SUMMARY OF EXPLORATION PROJECTS

     Our exploration activities are focused primarily in select areas of the
Rocky Mountains, Texas and Gulf Coast, Southeast Alberta, and in the San Joaquin
Basin of California. Advanced seismic imaging of the structural and
stratigraphic complexities common to these regions provides us with the enhanced
ability to identify significant oil and gas reserve potential. A number of these
projects offer multiple drilling opportunities with individual wells having the
potential of encountering multiple reservoirs.

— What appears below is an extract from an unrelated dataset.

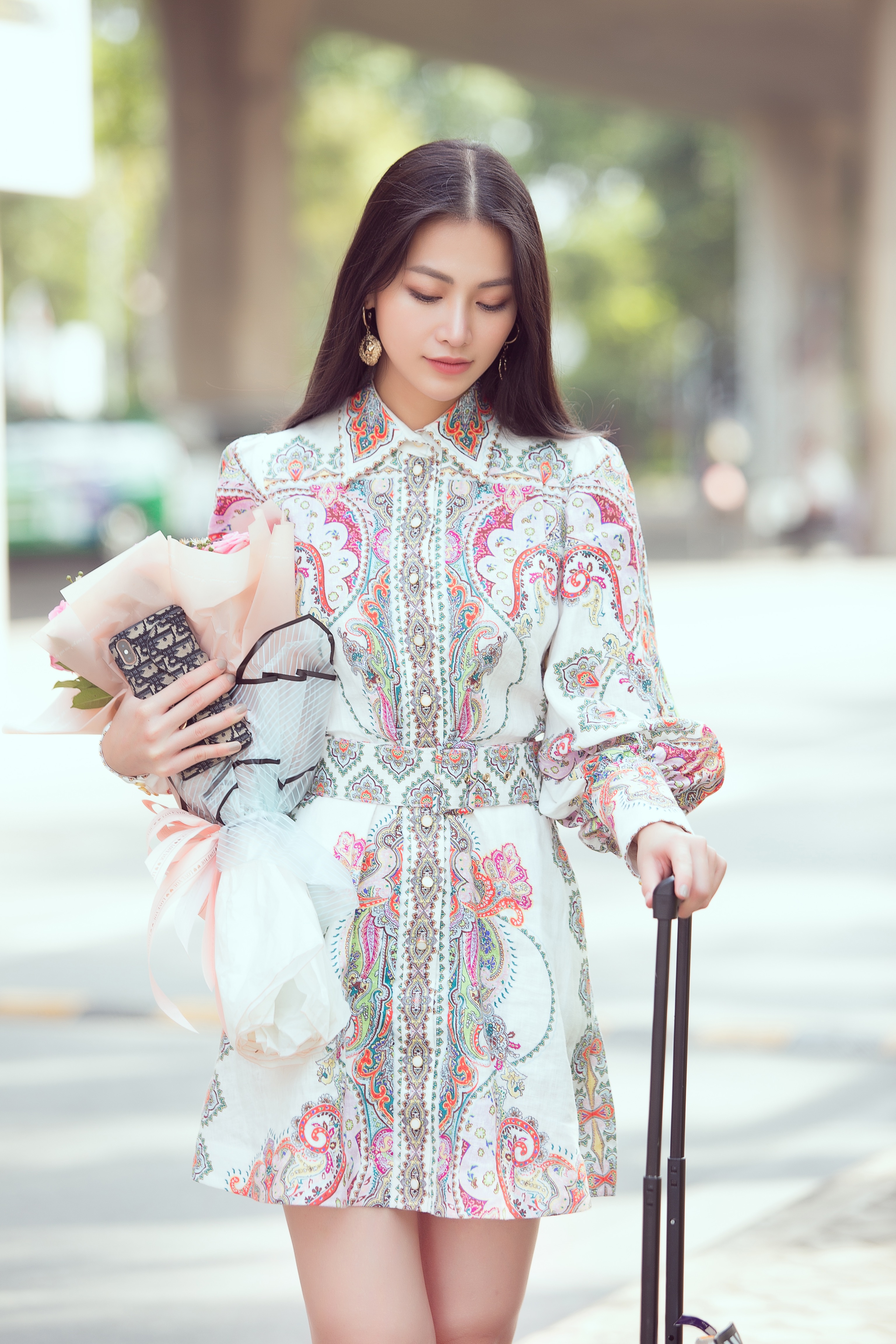 Hoa hậu Phương Khánh cực kỳ duyên dáng khi xuống phố cùng mẫu váy xòe in ấn họa tiết nhẹ nhàng.

                                       11


     The following is a summary of our exploration areas and significant
projects. While actively pursuing specific exploration activities in each of the
following areas, we continually review additional opportunities in these core
areas and in other areas that meet our exploration criteria.


ROCKY MOUNTAIN EXPLORATION

     Montana Foothills Project. This extensive natural gas exploration project,
located in west-central Montana, is part of the southern Alberta basin, and has
been classified as the southern extension of the Alberta Foothills producing
province. The USGS and numerous Canadian industry sources have estimated
significant recoverable reserves for the Montana portion of the Foothills trend.
Based on extensive geologic and seismic analysis, we have identified numerous
structural culminations of similar size, geometry, and kinematic history as
prolific Canadian foothills fields, such as Waterton and Turner Valley.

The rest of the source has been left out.